- EXERCISE GOAL -
Return only the lines from the one that contains "Congratulations to the" through the last line of the records below, exactly as they stand. Pictures are not part of the copy.

•••••

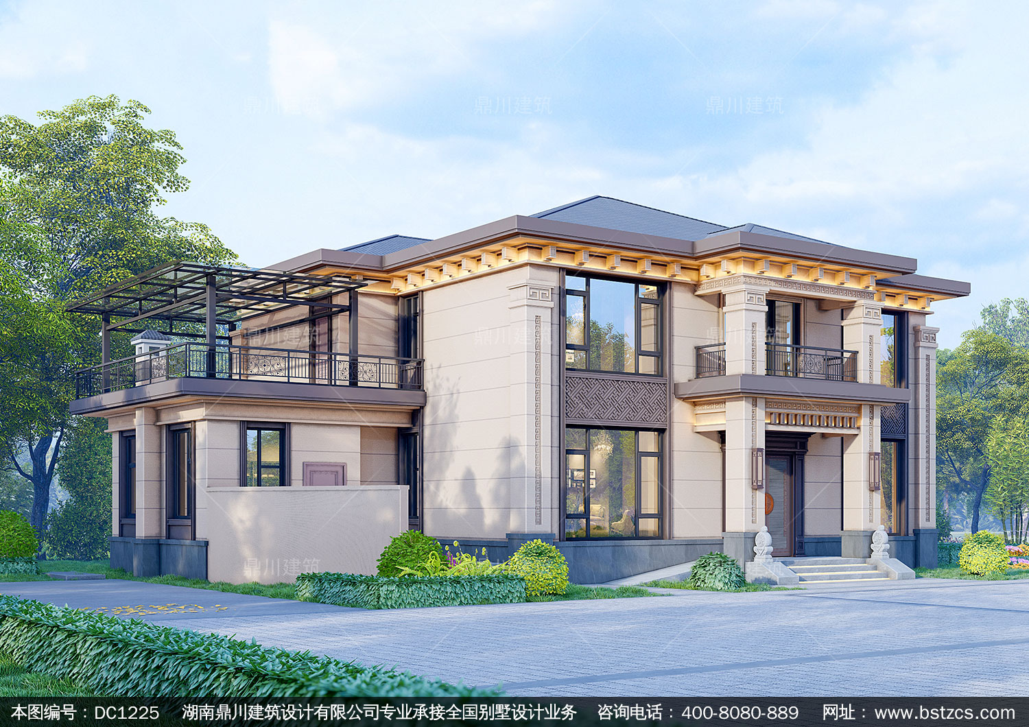 新中式二層復式別墅效果圖及施工圖紙_農村自建別墅設計,鼎川建
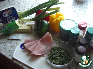 Нарезать ветчину кубиками, лук тонкими колечками, паприку кусочками и добавить в творожную массу, все перемешать. Затем укроп, остальные травки соль, перец.
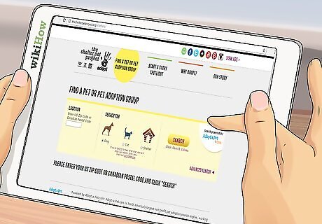 Visit nearby shelters. Look around local shelters and try to find a working breed or mix. You can find a local shelter's contact information online or in your phone book. Give them a call, ask them if any working breeds are available for adoption, and find out if they have specific hours during which you can drop by to see the dogs. In the United States, you can track down local shelters by searching your zip code on The Shelter Project: http://theshelterpetproject.org/shelters/
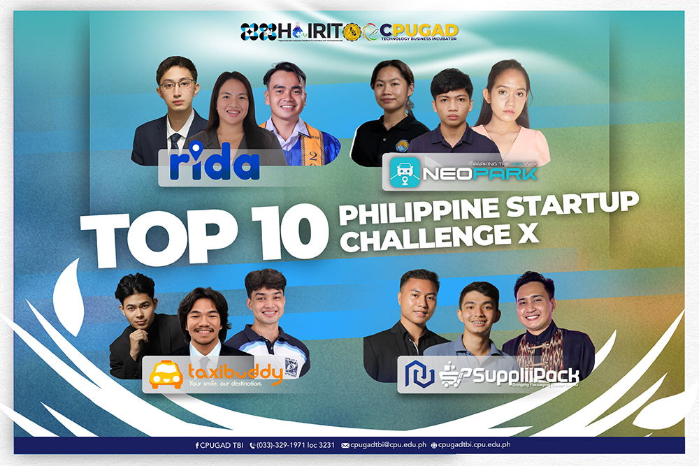 Congratulations to the four CPU CPUGAD TBI startup teams: PackUp, TaxiBuddy, RidA, and OHMies NeoPark for advancing to the Top 10 of DICT’s Philippine Startup Challenge X Regional Pitching Competition. To God be the highest glory!
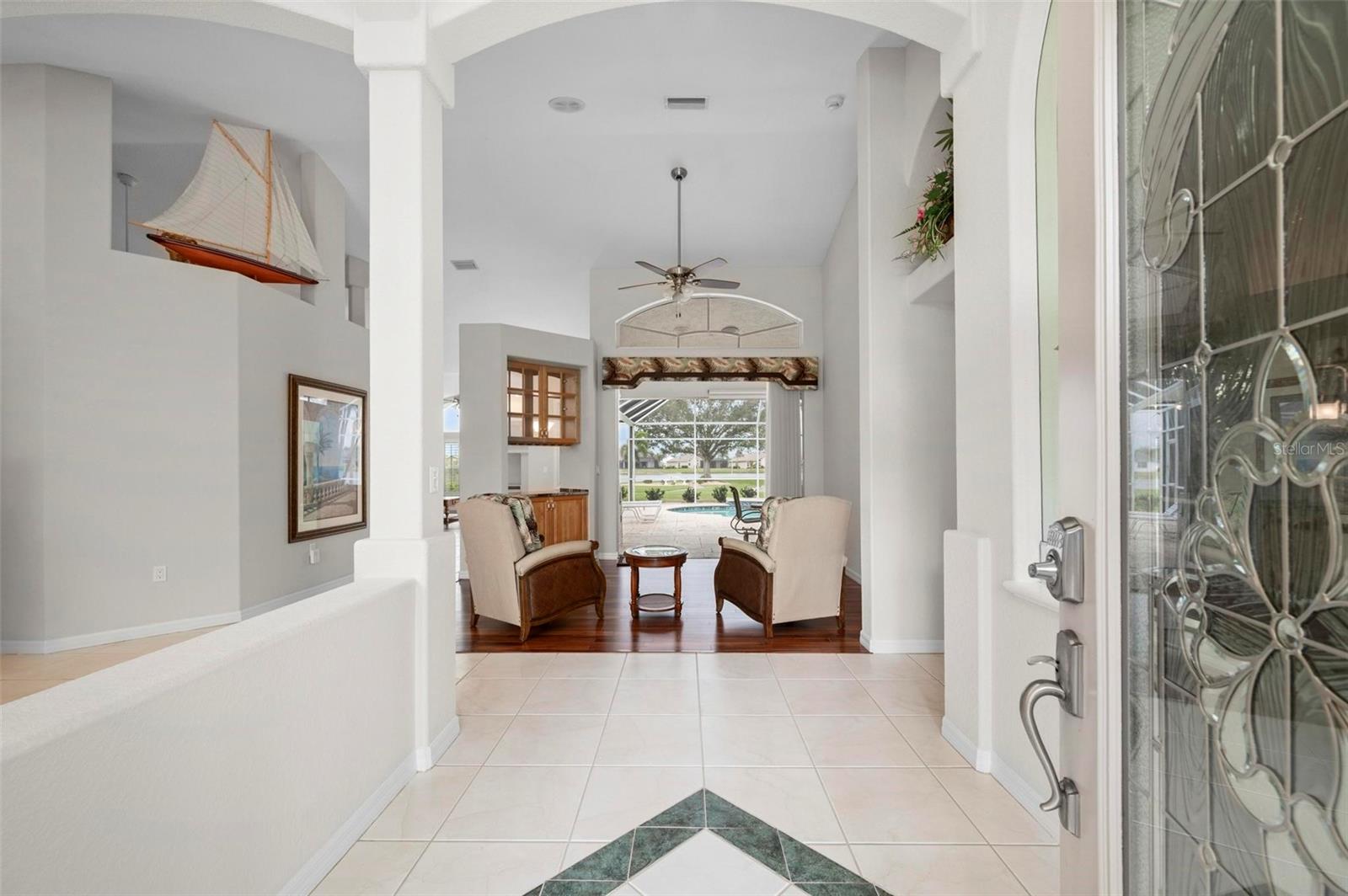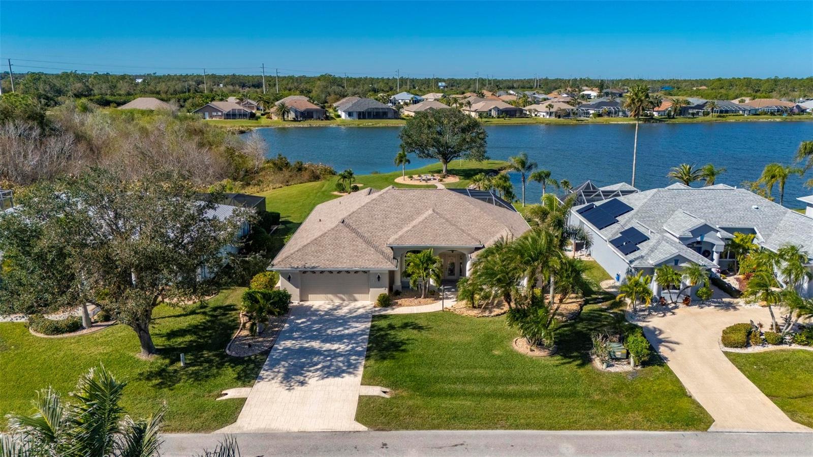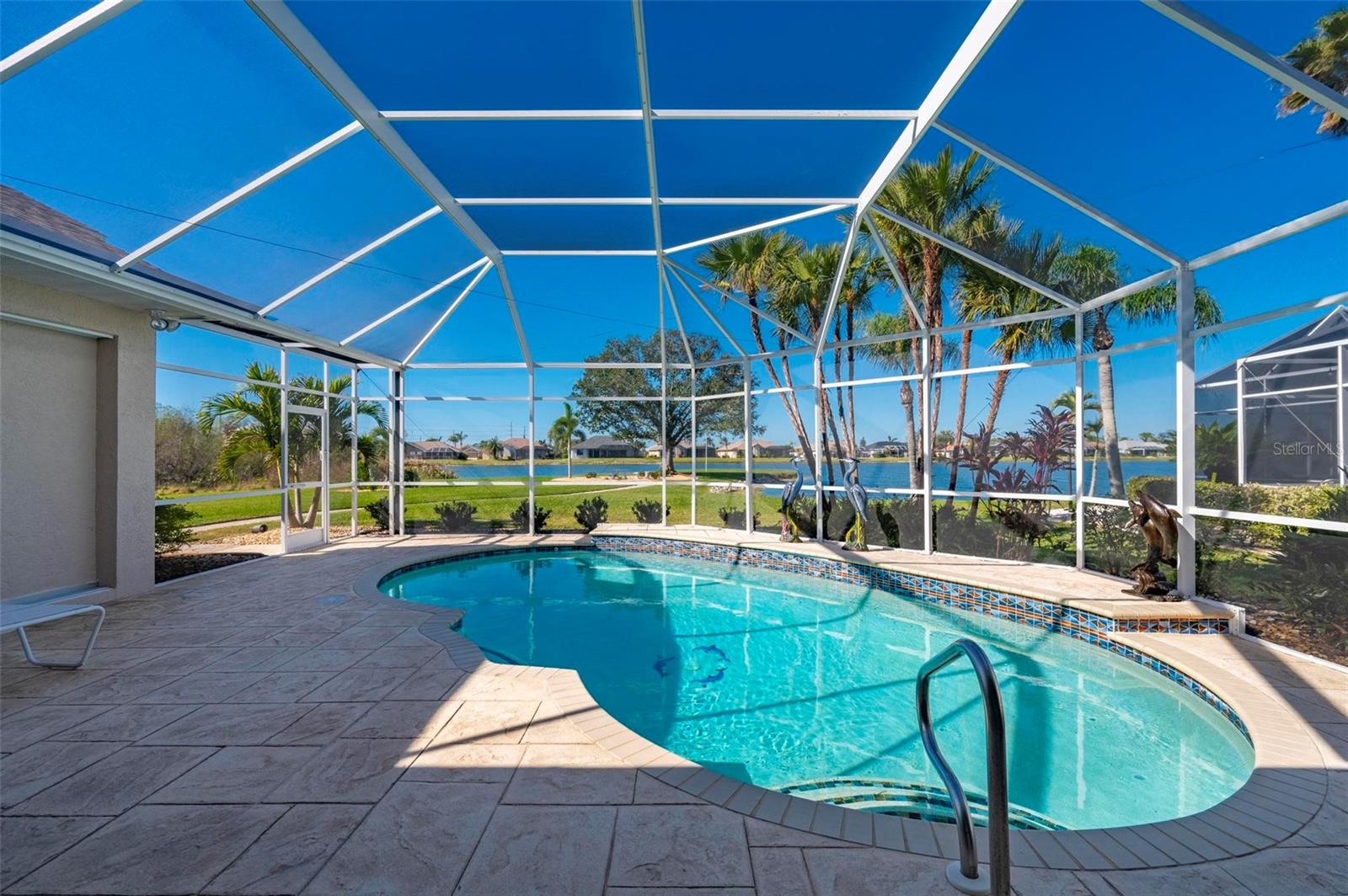 Gorgeous waterfront retreat in Lake Suzy, Florida. Welcome to your dream home just a stones throw from Aileron Golf Club & Punta Gorda! This exceptional former model home is ideally situated on an expansive 3/4-acre lot complete with its own private peninsula... truly a bird and wildlife lovers dream. Designed with both relaxation and entertainment in mind, the split floor plan offers privacy and functionality for families and guests. The open-concept design features a spacious "chef's dream" kitchen with ample counter space and gorgeous views of the pool and lanai area, creating a perfect setting for hosting gatherings or enjoying tranquil mornings. Additional highlights include: Large laundry room with storage, heated salt water pool, electric fireplace, air conditioned garage, jetted tub in owners suite, insulated impact windows and doors, 8500 watt generator included, real wood floors and located just minutes to I-75. This is more than a home; it’s a lifestyle of elegance and serenity.

•••••

- ANSWER TO THE PROBLEM -
 Congratulations to the four CPU CPUGAD TBI startup teams: PackUp, TaxiBuddy, RidA, and OHMies NeoPark for advancing to the Top 10 of DICT’s Philippine Startup Challenge X Regional Pitching Competition. To God be the highest glory!
 Gorgeous waterfront retreat in Lake Suzy, Florida. Welcome to your dream home just a stones throw from Aileron Golf Club & Punta Gorda! This exceptional former model home is ideally situated on an expansive 3/4-acre lot complete with its own private peninsula... truly a bird and wildlife lovers dream. Designed with both relaxation and entertainment in mind, the split floor plan offers privacy and functionality for families and guests. The open-concept design features a spacious "chef's dream" kitchen with ample counter space and gorgeous views of the pool and lanai area, creating a perfect setting for hosting gatherings or enjoying tranquil mornings. Additional highlights include: Large laundry room with storage, heated salt water pool, electric fireplace, air conditioned garage, jetted tub in owners suite, insulated impact windows and doors, 8500 watt generator included, real wood floors and located just minutes to I-75. This is more than a home; it’s a lifestyle of elegance and serenity.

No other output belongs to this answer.